IntersectMBO · Sep 22, 2023 · 8fd92a2 · 8fd92a2
1 parent a2cb3f6
commit 8fd92a2
Showing 1 changed file with 57 additions and 0 deletions.
diff --git a/blog/2023-09-22-performance-and-tracing.md b/blog/2023-09-22-performance-and-tracing.md
@@ -0,0 +1,57 @@
+---
+title: Performance & tracing update
+slug: 2023-09-22-performance-and-tracing
+authors: mgmeier
+tags: [performance-tracing]
+hide_table_of_contents: false
+---
+
+## High level summary
+
+* Benchmarking: We've performed both low-level network and high-level variance analysis of our benchmarking clusters.
+* Infrastructure: Our reporting pipeline was adjusted to classify various workloads easily reducing rework time.
+* Tracing: Work on machine-readable tracing of tracer configuration is ongoing.
+* Nomad backend: We've been able to eliminate several possible confounders on the nomad cluster.
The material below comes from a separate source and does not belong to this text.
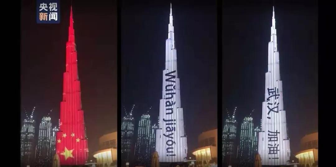 (图为迪拜哈利法塔亮起“中国红”、点亮“武汉加油”)

+* Team: We're currently onboarding a new team member: Welcome to Cardano Performance & Tracing, Baldur Blöndal!
+
+
+## Low level overview
+
+### Benchmarking
+
+As part of the effort to bring the Nomad backend into production use, we've been equipping both that and the existing benchmarking
+backend with means to measure and document network latency for each run. Furthermore we've implemented means to
+capture TCP packets for a limited time window during a benchmarking run - which will allow us to spot differences
+in the behaviour of the underlying networking stack at OS level.  
+
+Additionally, we're running variance analysis in parallel on both backends to ascertain confidence in metrics originating from either. We've concluded that baseline profile runs aren't directly comparable between the two, so we decided
+to compare standard deviations instead to validate the measurements from nomad.
+
+### Infrastructure
+
+Reporting on benchmarks does require human time and effort to rework the final document. Improvements to the reporting pipeline
+have been merged to `master`. They reduce the time necessary to do so by various changes to the template and the workload classification logic in analysis.  
+
+Beyond that, we've looked into issues where services would quit with an unjustified exit failure upon shutdown - under rare circumstances. By reworking shutdown logic for `trace-dispatcher` and `tx-generator` we were able to address those issues.
+
+### Tracing
+
+After various steps in constructing a configuration upon node startup, it is vital to document
+which runtime configuration the node arrived eventually. We're working on providing a machine-readable JSON/YAML
+trace message for that purpose.  
+
+This will facilitate hot-reloading a node's tracer configuration in the future: users will be able to take such a trace message, apply their intended change and hot-reload it immediately into the node. 
+
+### Nomad backend
+
+As with the existing benchmarking cluster, nomad is currently under scrutiny with regard to the reliability of metrics it
+produces, as well as the behaviour of its OS-level network stack. For instance, differing kernel versions can have an
+impact on our measurements, as we'd be basically using two different instruments to take them.  
+
+Along the way we've already been successful in eliminating some possible confounders that had been introduced by the nomad service
+or the slightly different system architecture of the new cluster.
+
+### New team member
+
+Baldur Blöndal is an extremely capable and experienced Haskell developer. Also, he's an excellent fit for our existing team.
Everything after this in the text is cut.